# Statistical Power in Structural Equation Models

## David Kaplan Department of Educational Studies University of Delaware

The concept of power in statistical theory is defined as the probability of rejecting the null hypothesis given that the null hypothesis is false. In the context of structural equation modeling, the null hypothesis is defined by the specification of fixed and free elements in relevant parameter matrices of the model equations. The specification of fixed and free elements represents the researchers' initial hypothesis concerning the putative direct and/or indirect effects among the latent variables. The null hypothesis is assessed by forming a discrepancy function between the model-implied set of moments (mean vector and/or covariance matrix) and the sample moments. Various discrepancy functions can be formed depending on the particular minimization algorithm being used (e.g. maximum likelihood), but the goal remains the same - namely to derive a test statistic that has a known distribution, and then compare the obtained value of the test statistic against tabled values in order to render a decision vis-a-vis the null hypothesis.

In the framework of structural equation modeling the assessment of power is complicated. Unlike simple procedures such as the t-test or ANOVA wherein alternative hypotheses pertain to only a few parameters, in structural equation modeling there are considerably more parameters. Each fixed parameter in the model is potentially false and each can take on, in principle, an infinite number of alternative values. Thus, each fixed parameter needs to be evaluated, in principle, one at a time.
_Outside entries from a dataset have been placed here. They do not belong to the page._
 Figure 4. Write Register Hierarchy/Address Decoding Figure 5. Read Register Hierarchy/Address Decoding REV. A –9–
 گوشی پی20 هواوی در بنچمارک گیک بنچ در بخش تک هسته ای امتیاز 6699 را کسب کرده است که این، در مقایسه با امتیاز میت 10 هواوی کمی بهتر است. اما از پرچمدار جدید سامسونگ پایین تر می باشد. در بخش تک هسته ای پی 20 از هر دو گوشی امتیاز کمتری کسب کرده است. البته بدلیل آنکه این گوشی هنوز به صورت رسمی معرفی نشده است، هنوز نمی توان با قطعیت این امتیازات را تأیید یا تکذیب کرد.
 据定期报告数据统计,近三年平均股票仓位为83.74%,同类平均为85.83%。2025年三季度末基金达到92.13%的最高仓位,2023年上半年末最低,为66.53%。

A method for evaluating the power of the likelihood ratio test in structural equation modeling was developed by Satorra and Saris (1985). Their method can be outlined as follows. First, estimate the model of interest. Second, choose a fixed parameter whose power is desired. Third, re-estimate the initial model with each estimated parameter fixed at their estimated value and choose an "alternative" fixed value for the parameter of interest. Note that if the null hypothesis is true for that parameter, then the likelihood ratio chi-square for the model would be zero with degrees-of-freedom equaling the degrees-of-freedom of the model. If the null hypothesis is false for that parameter, then the likelihood ratio chi-square will be some positive number reflecting the specification error incurred by fixing that parameter to the value chosen in the initial model. This number is the noncentrality parameter (NCP) of the noncentral chi-square distribution, which is the distribution of the test statistic when the null hypothesis is false. This number can be compared to tabled values of the noncentral chi-square distribution to assess power.

Clearly, the method originally proposed by Satorra and Saris (1985) would be tedious to carry out in practice. Recently, Satorra (1989) recognized that the modification indices (in LISREL) or the Lagrange multiplier tests (in EQS) are actually one degree-of-freedom noncentrality parameters. Thus, for any estimated model, it is a simple matter to look at these indices in relation to tabled values of the noncentral chi-square distribution in order to assess power. It should be noted that power can be assessed for free parameters as well. That is, the square of the T-value (in LISREL) or the Wald test (in EQS) can be used to assess the power of an estimated parameter in the model, against a null hypothesis that the value of the parameter is zero.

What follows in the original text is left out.